I'd be interested in knowing the stack traces of callers when the collision in the critical section happens. Possibly this small modification of your code could give us traces of the first two threads that collide.

diff --git lib/rust/parser/generate-java/java/org/enso/syntax2/Parser.java lib/rust/parser/generate-java/java/org/enso/syntax2/Parser.java
index 2c375ee840..12290a230b 100644
--- lib/rust/parser/generate-java/java/org/enso/syntax2/Parser.java
+++ lib/rust/parser/generate-java/java/org/enso/syntax2/Parser.java
@@ -5,8 +5,12 @@ import java.net.URISyntaxException;
 import java.nio.ByteBuffer;
 import java.nio.ByteOrder;
 import java.nio.charset.StandardCharsets;
+import java.util.concurrent.atomic.AtomicInteger;
+import java.util.function.Supplier;

 public final class Parser implements AutoCloseable {
+  private final AtomicInteger mutators = new AtomicInteger(0);
+
   private static void initializeLibraries() {
     try {
       System.loadLibrary("enso_parser");
@@ -116,22 +120,39 @@ public final class Parser implements AutoCloseable {
   }

   public ByteBuffer parseInputLazy(CharSequence input) {
-    byte[] inputBytes = input.toString().getBytes(StandardCharsets.UTF_8);
-    ByteBuffer inputBuf = ByteBuffer.allocateDirect(inputBytes.length);
-    inputBuf.put(inputBytes);
-    return parseTreeLazy(state, inputBuf);
+    return criticalSection(
+        () -> {
+          byte[] inputBytes = input.toString().getBytes(StandardCharsets.UTF_8);
+          ByteBuffer inputBuf = ByteBuffer.allocateDirect(inputBytes.length);
+          inputBuf.put(inputBytes);
+          return parseTreeLazy(state, inputBuf);
+        });
   }

   public Tree parse(CharSequence input) {
-    byte[] inputBytes = input.toString().getBytes(StandardCharsets.UTF_8);
-    ByteBuffer inputBuf = ByteBuffer.allocateDirect(inputBytes.length);
-    inputBuf.put(inputBytes);
-    var serializedTree = parseTree(state, inputBuf);
-    var base = getLastInputBase(state);
-    var metadata = getMetadata(state);
-    serializedTree.order(ByteOrder.LITTLE_ENDIAN);
-    var message = new Message(serializedTree, input, base, metadata);
-    return Tree.deserialize(message);
+    return criticalSection(
+        () -> {
+          byte[] inputBytes = input.toString().getBytes(StandardCharsets.UTF_8);
+          ByteBuffer inputBuf = ByteBuffer.allocateDirect(inputBytes.length);
+          inputBuf.put(inputBytes);
+          var serializedTree = parseTree(state, inputBuf);
+          var base = getLastInputBase(state);
+          var metadata = getMetadata(state);
+          serializedTree.order(ByteOrder.LITTLE_ENDIAN);
+          var message = new Message(serializedTree, input, base, metadata);
+          return Tree.deserialize(message);
+        });
+  }
+
+  private <R> R criticalSection(Supplier<R> action) {
+    if (mutators.getAndIncrement() != 0) {
+      throw new IllegalStateException("Race condition detected.
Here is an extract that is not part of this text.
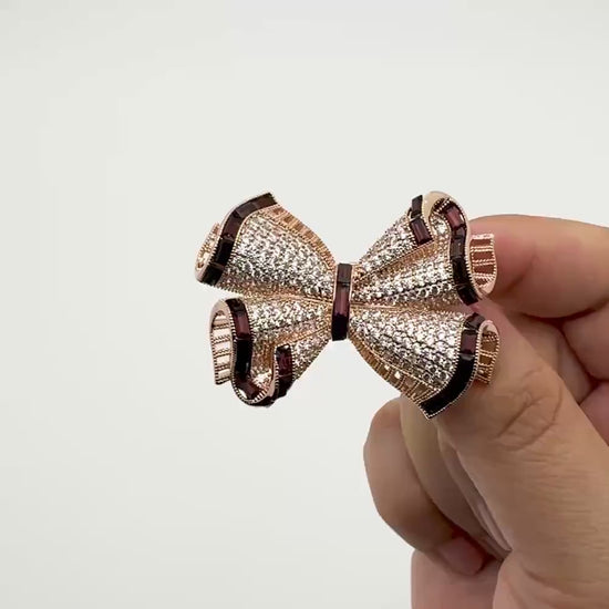 This elegant French bow brooch is crafted from copper and sparkling zircon to add refined sparkle to coats, dresses and suits. Lightweight and handmade, it fastens securely and sits flat for comfortable all-day wear. Arrives in a gift box, making it an effortless present for birthdays, weddings or special occasions. Each piece may vary slightly due to natural materials, giving a unique character to every brooch.

On enter.");
+    }
+    var r = action.get();
+    if (mutators.getAndDecrement() != 1) {
+      throw new IllegalStateException("Race condition detected. On exit.");
+    }
+    return r;
   }

   public static String getWarningMessage(Warning warning) {

then there is going to be a lot of warnings, as the counters will be off. Or maybe new IllegalStateException("...").printStackTrace() to make sure the stacktrace is visible and the counter gets back to 0 unless there is an error.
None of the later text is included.